Lance turned toward the board, away from Sharp. He’d always known he didn’t have the full scoop. But none of this explained how a young woman had ended up in the trunk of his dad’s car.

“Let’s divvy up our tasks,” Sharp said. “I’ll search online records and the Social Security Death Master File for Vic’s old boss, Phil Dryer. I can also make a few calls and see if there are any good rumors floating around about the case.” Sharp knew everyone in local law enforcement who’d been on the job more than five years. “We need fresh background checks on everyone involved, and we obviously can’t ask Jenny to do them for us.”

“I’ll take care of those. I’m not as fast as my mom, but I can get the job done,” Lance said.

“Someone needs to go down to the county clerk’s office and check vital records. We need to find out if Phil is still alive. If he is, I want to talk to him. Maybe now that he no longer works for UpState Insurance, he’ll be more willing to share information than he was back then. I’d really like to know how precarious Vic’s job really was. Phil would never give me a straight answer about the financial health of the company.”

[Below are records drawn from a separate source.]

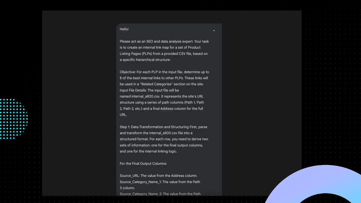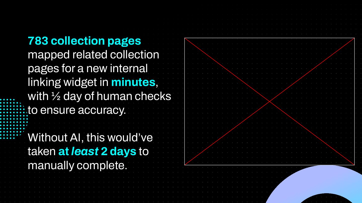 internal linking widget in minutes, with ½ day of human checks to ensure accuracy. Without AI, this would’ve taken at least 2 days to manually complete.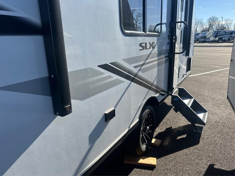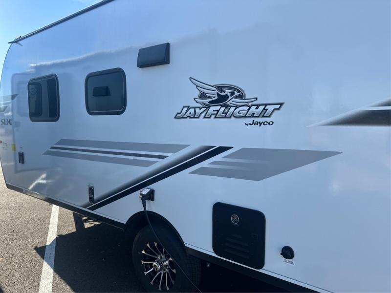 The Jayco Jay Flight SLX travel trailer is quite easy to own because it is lightweight for an easier towing experience. Built on a fully integrated A-frame with galvanized-steel, impact-resistant wheel wells, the Jay Flight SLX has quality at its very foundation. That quality continues on to the electric self-adjusting brakes, easy-lube hubs, Magnum Truss roof system, and LP quick connect. Some of what the mandatory Customer Value Package includes is backup camera prep, Keyed-Alike entry and baggage doors, and an on-demand tankless water heater.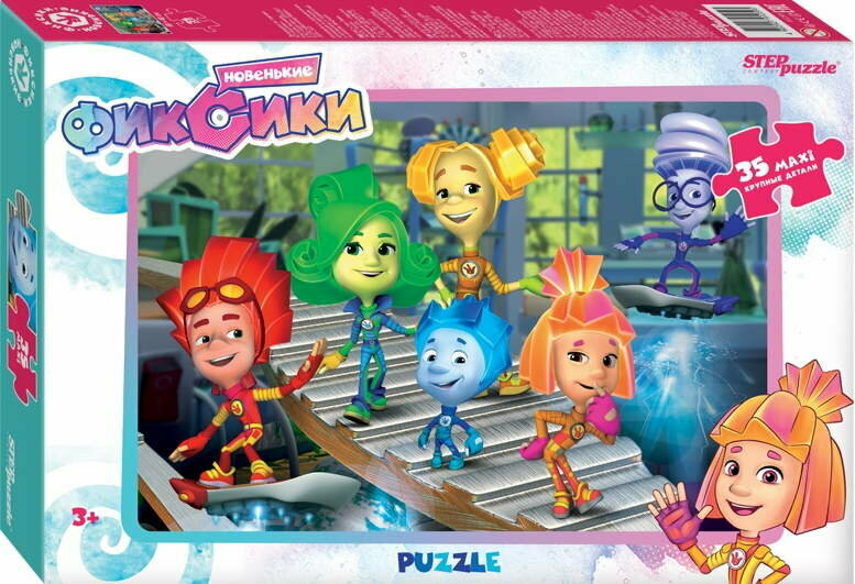 Пазл «Фиксики» состоит из 35 крупных деталей. На его картинке мы видим сразу шесть главных героев.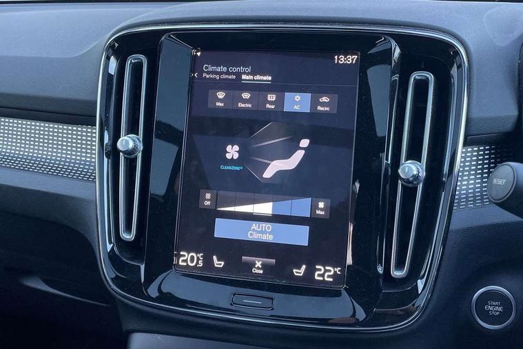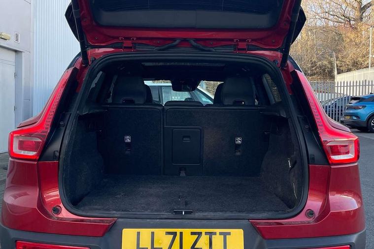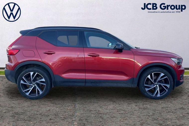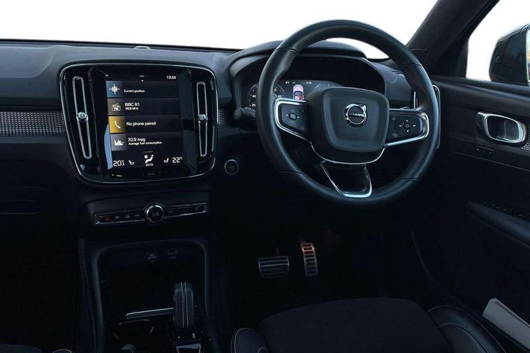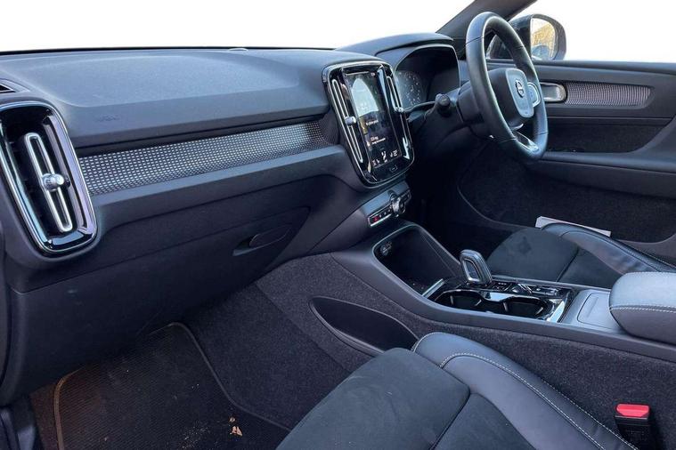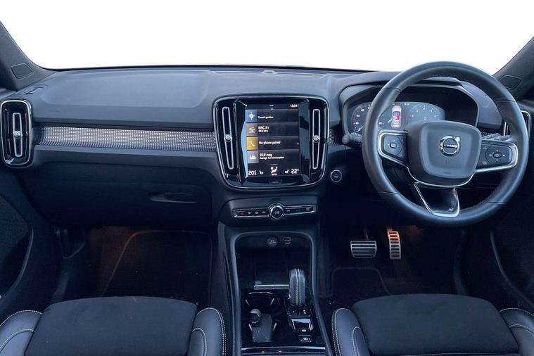 12.3" Active TFT crystal driver's instrument display, 9" centre console portrait touch screen, Adjustable steering wheel force, Bluetooth hands free telephone kit, Drive mode selector, E-call, Lane keep assist with driver alert control, Oncoming Lane Mitigation, Power operated tailgate, Sensus navigation with European mapping and traffic information, Speed limiter, Speed sensitive steering, Voice activated control for key functions, Volvo on call, Sports chassis, DAB Digital radio, Steering wheel mounted remote controls, Adaptive brake lights with high level LED brake lights, Auto dimming interior mirror, Automatic headlamp levelling, Automatic LED Headlights + Active high beam incorporating daytime running lights, Dark tinted windows for rear door side windows and cargo compartment, Electric adjustable/heated/auto folding door mirrors, Front aluminium tread plates, Front and rear electric windows, Heated front windscreen, High gloss black front and rear skid plate, High gloss black lower front bumper, High gloss black mesh front grille with high gloss black surround, High gloss black sensus surround deco, High gloss black window trim, Home safe and approach lighting, Integrated roof rails in high gloss black, Rain sensor with automatic windscreen wiper activation, Rear side wing doors, Rear wiper, Roof antenna, Roof spoiler, Visible VIN plate, 12V socket in front tunnel console and luggage compartment, 2 zone electronic climate control and rear air vent, 3 seat bench in 2nd row, 60/40 versatile split folding rear seat, A-pillar parking ticket holder, Bright metal luggage threshold, Centre console cupholders and storage, Charcoal headlining, Front footwell illumination, Front headrests, Front reading light and theatre lighting, Front seat cushion extensions, Front tunnel net pocket and integrated waste bin, Glovebox bag hook, Heated front seats, Height/reach adjustable steering column, Height/tilt adjustable driver's seat, High gloss centre tunnel deco, Illuminated glovebox, Illuminated luggage compartment, Illuminated vanity mirrors, Isofix attachments on outer rear seats, Leather gearknob, Load protection net, Multi directional lumbar support, Power driver seat with memory + exterior mirrors memory, Rear armrest / integral cup holders / storage tray, Rear coat hook, Single front passenger seat, Sports floor mats, Sports pedals, Sports tailored steering wheel, Underfloor cargo storage, Vanity mirror with ticket holder, Lighting pack - XC40, 3x3 point rear seatbelts, City safety includes pedestrian, cyclist and large animal detection and front collision warning with full auto brake, Drivers knee airbag, Dual stage driver/passenger airbags, Electronic parking brake with auto hold, First aid kit, Front and outer rear seatbelt reminder and pretensioners, Front seats SIPS airbags, Hill descent control, Hill start assist, Inflatable curtain, Passenger airbag cut-off device, Road sign information display, Run off Road Mitigation, Run off Road Protection, SIPS (Side Impact Protection System), Slippery road and hazard light alert, Stability and Traction Control with Spin control, Engine Drag Control and Corner Traction Control, Tyre pressure monitoring system, Vehicle deceleration control with Anti-lock Brake System, Electronic Brake Distribution and Emergency Brake Assist, Warning triangle, WHIPS whiplash protection system - front, Anti-theft alarm including immobiliser/volume sensor + level sensor, Care key with user defined top speed, Key integrated remote control central locking + fuel flap with deadlocking system and auto open/close power windows, Locking wheel nuts, Private locking for tailgate, Cutting edge aluminium inlay, Lower dashboard, tunnel console and door panel in charcoal,
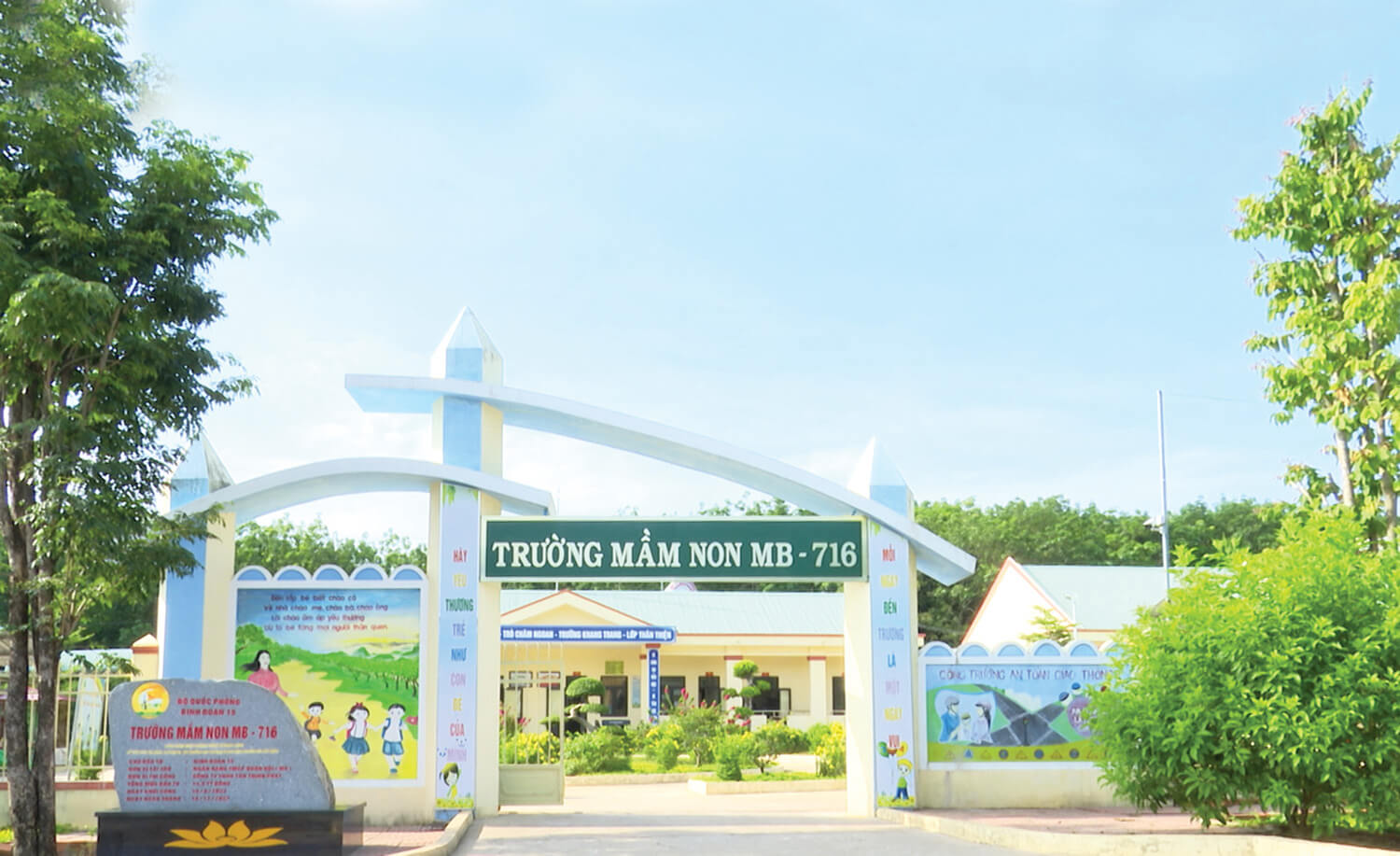 Hiện nay, Trường Mầm non MB716 có 1 điểm trường trung tâm và 10 điểm trường tại các đội sản xuất, nằm dọc vành đai biên giới xã Ia Đal, tỉnh Quảng Ngãi. Với chủ trương dành điều kiện tốt nhất cho trẻ, Binh đoàn và Chi nhánh đã đầu tư xây dựng trường lớp khang trang, cơ sở vật chất đầy đủ, đồng bộ, đồng thời bố trí đội ngũ giáo viên, nhân viên tận tâm, yêu nghề và yêu trẻ.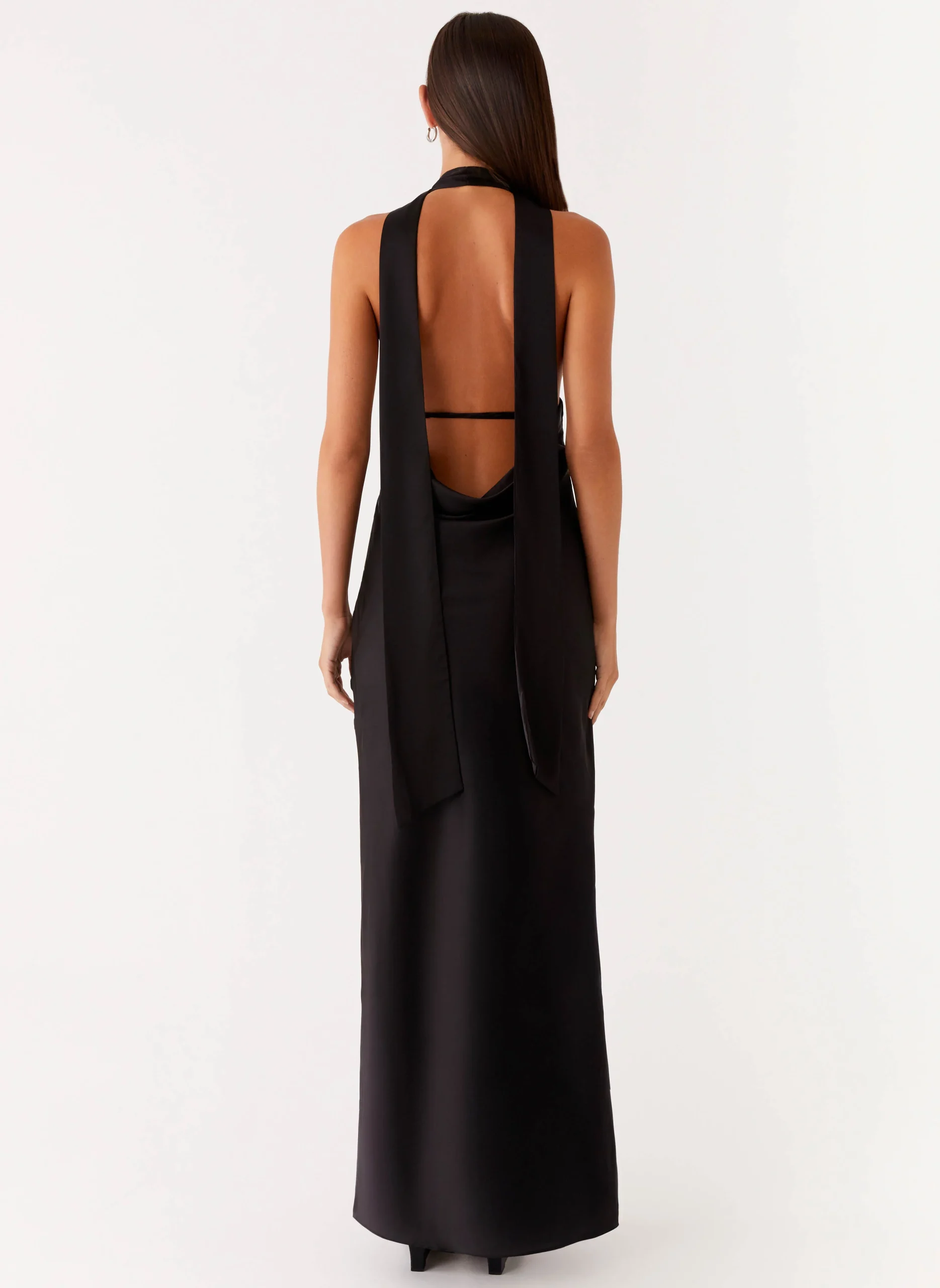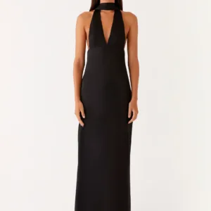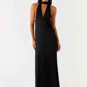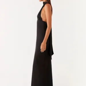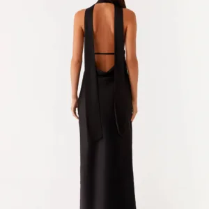This backless satin Alicia maxi dress is perfect for warm evenings with its low V-neck and flowing length. A thick neck scarf and thin adjustable straps frame the low back, while the satin fabric drapes smoothly over the fully lined skirt. It’s the perfect option for partying from dusk to dusk.

“Aren’t vital records available online?” Morgan asked. “If he died, the county will have a death certificate on file.”

“In Randolph County, you can request them online, but you might not receive them for a week or a month . . . or ever,” Sharp said.

Morgan nodded. “I have to go to the courthouse to file a discovery motion for a DUI case I’m working on. It’s Esposito’s case, and the DA’s office has been slow to send me information.”

“What a jerk.” Sharp shook his head. “Lance, go with Morgan to the courthouse. You can check vital records while she’s filing her motion. I don’t want her alone until her stalker is brought in.”

Chapter Eleven

Morgan filed her discovery motion, then took the elevator to the ground floor and navigated the maze of hallways that led to the wing of the courthouse that housed the county clerk’s office.